What is common for all those markets is that some serious economic risks are still there. These risks can affect the stock markets, national economies, companies, households etc from a pure economic/fundamental perspective.
In the next series of articles I will try to name the main risks/threats that global economies face in my humble opinion.
The issues are not ranked by importance. I will present them as they cross my mind. Also, if things implode (again) it might be one of the less obvious issues that triggered the implosion.
So, I am starting…
Issue #1. Shadow banking
Most financial institutions are so highly leveraged through derivatives that a meltdown of one of them could create serious problems. It is estimated that total leverage of the whole financial system is bigger than the real economic GDP of all countries combined.

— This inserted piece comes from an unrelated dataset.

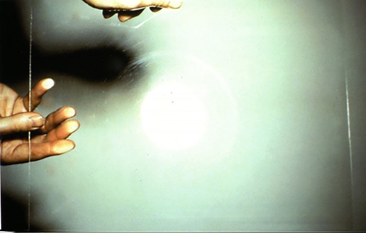 Slidelength, which came soon after Wavelength, takes the form of a slide-projector installation that includes stills from the original film and numerous photographs of the process of making it. These include images of gels that were utilised during filming; Snow’s hands regularly appear in the frame. He wanted to emphasise the physicality of his practice, in much the same way that the visible brushstrokes on a canvas connect the viewer to the physical practice of painting. Slidelength is a zoom out from Wavelength. Effectively a highbrow ‘making-of’ document, it allows the viewer to see not just through the camera’s lens, but outside the frame. The piece also adopts a sculptural quality, in that the projector stands proudly on a plinth which viewers can move around and walk behind; this further complicates the notions of projected space with which Wavelength is fascinated.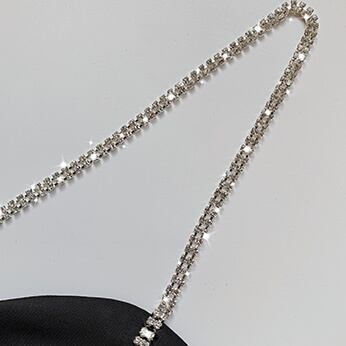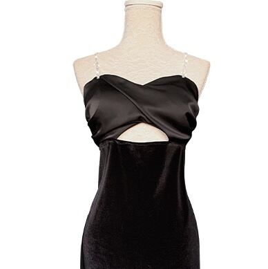 チェーンのストラップがゴージャスでセクシーなベロアのロングワンピース。

Remember Lehman Brothers in 2008. Everybody knew how exposed this house and the financial sector was, but still the financial crisis officially started because LB went under. I mean even if LB were saved tax payers would pay the bill. It was not saved by the Federal Reserve and taxpayers (all over the world) are still paying (and will pay more in some form or the other).
I cannot overemphasize how important it is for banks to have a healthy assets/liabilities ratio. However they choose to over-leverage themselves. In some cases it has been proven that even the management or traders had no clue what they were doing….

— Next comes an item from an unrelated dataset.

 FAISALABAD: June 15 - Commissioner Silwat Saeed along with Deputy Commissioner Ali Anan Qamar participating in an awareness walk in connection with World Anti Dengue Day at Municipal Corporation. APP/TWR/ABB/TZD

Management and traders know that if they over-speculate and make tons of money, big bonuses will be paid and shareholdershey will be happy due to higher stock prices. In case they screw up, they will ask the central bank for help. It is a simple choice for them to make.
I will not blame capitalism here but this is how the banking system has been working in the last couple of years. Who can deny that? At the end big boys are bailed-out while tax payers have to pay for the rescue.
Anyway, this pattern cannot go well forever so regulators should sometime get serious about the issue of shadow banking. Basel regulations are not enough.